UNECE (United Nations Economic Commission for Europe) categories and regulations [24].
Some classes were merged for simplicity, while the PEDESTRIAN class was added to account for
the annotation of pedestrians. The final taxonomy is illustrated in Figure 2 (Appendix A).
   Only the leafs of the taxonomy were adopted as labels throughout the annotation process;
however, just a few were actually found in our dataset. Table 1 (left side) reports the label
distribution on the two tasks for the 1, 000 randomly selected records. Provided that testing for
the classification of labels with very few occurrences (e.g., one or zero for T2) is not meaningful,
we decided to remove from the test bed the 13 entries labeled as VAN/TRUCK/TRACTOR/AUTO-
RICKSHAW/ARMORED-CAR for either T1 or T2. Table 1 (right side) illustrates the final dataset
of 987 records. Future work will focus on the annotation of entries containing less common
vehicles, so to be able to evaluate the system for the classification of this type of labels. As
illustrated in the Table, in the T2 task only one label per entry has been annotated (since the
patient could only be in one vehicle), while T1 allowed for multiple labels since multiple vehicles
can be involved in one accident. Moreover, the NS (not specified) tag allows for the classification
of records that do not provide enough information to determine which vehicles were involved in
the accident.
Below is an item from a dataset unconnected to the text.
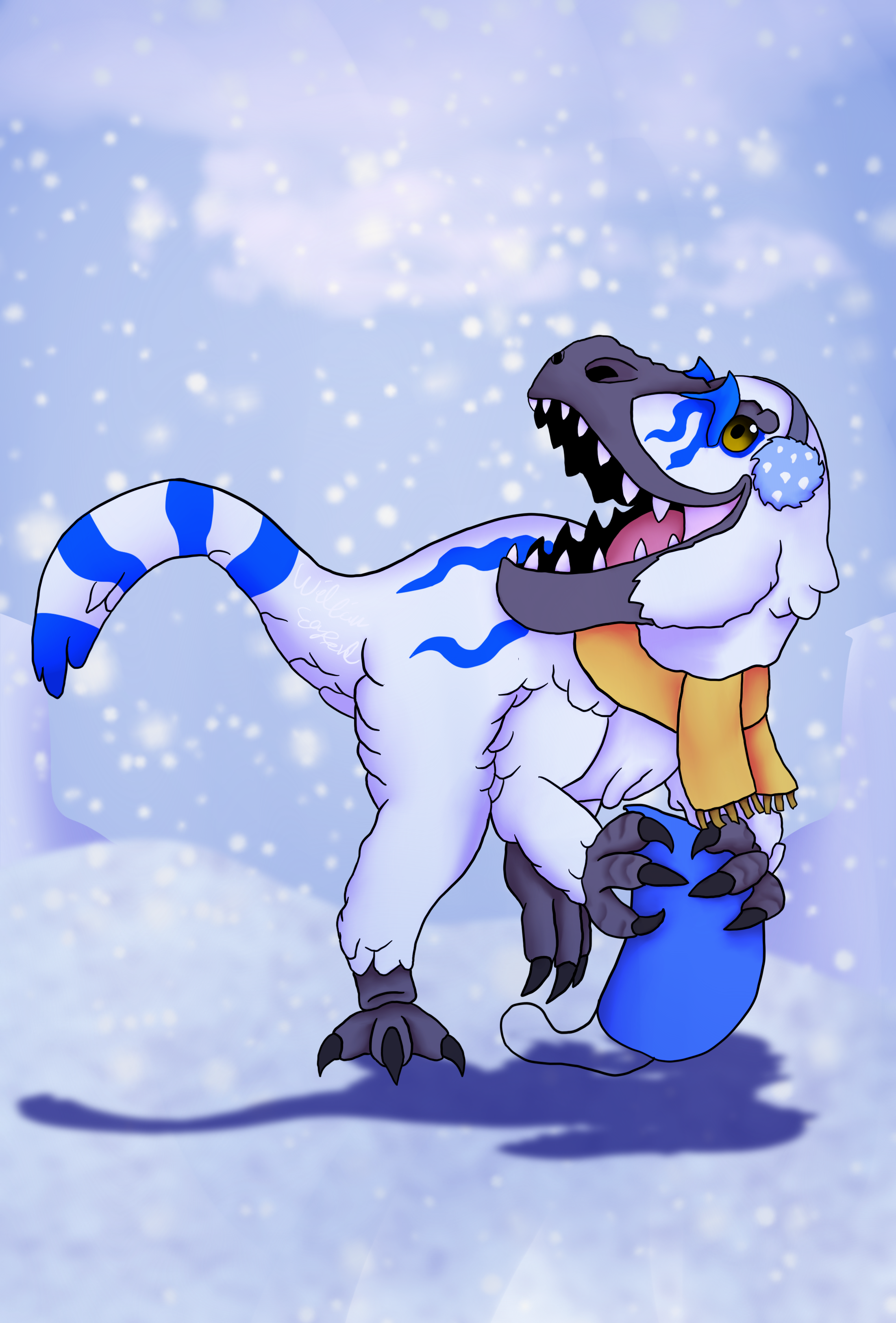 The grey dinosaurs in question may look incomplete in comparison to the other entries here, but they are purposefully designed in this manner to be installed as silhouettes on windows, serving in an advertising manner. All artwork presented here is drawn digitally in Procreate.

The annotation process was carried out by two annotators on the text annotation
tool Doccano [25]. The resulting Inter Annotator Agreement – calculated as Cohen’s kappa
coefficient– was of 0.9957 for T1 and 0.9930 for T2. Such high IAA shows that this task is quite
easy for humans; however, we will show that for artificial systems some language nuances are
still difficult to decipher, especially for T2.




2
    https://en.wikipedia.org/wiki/Vehicle_category.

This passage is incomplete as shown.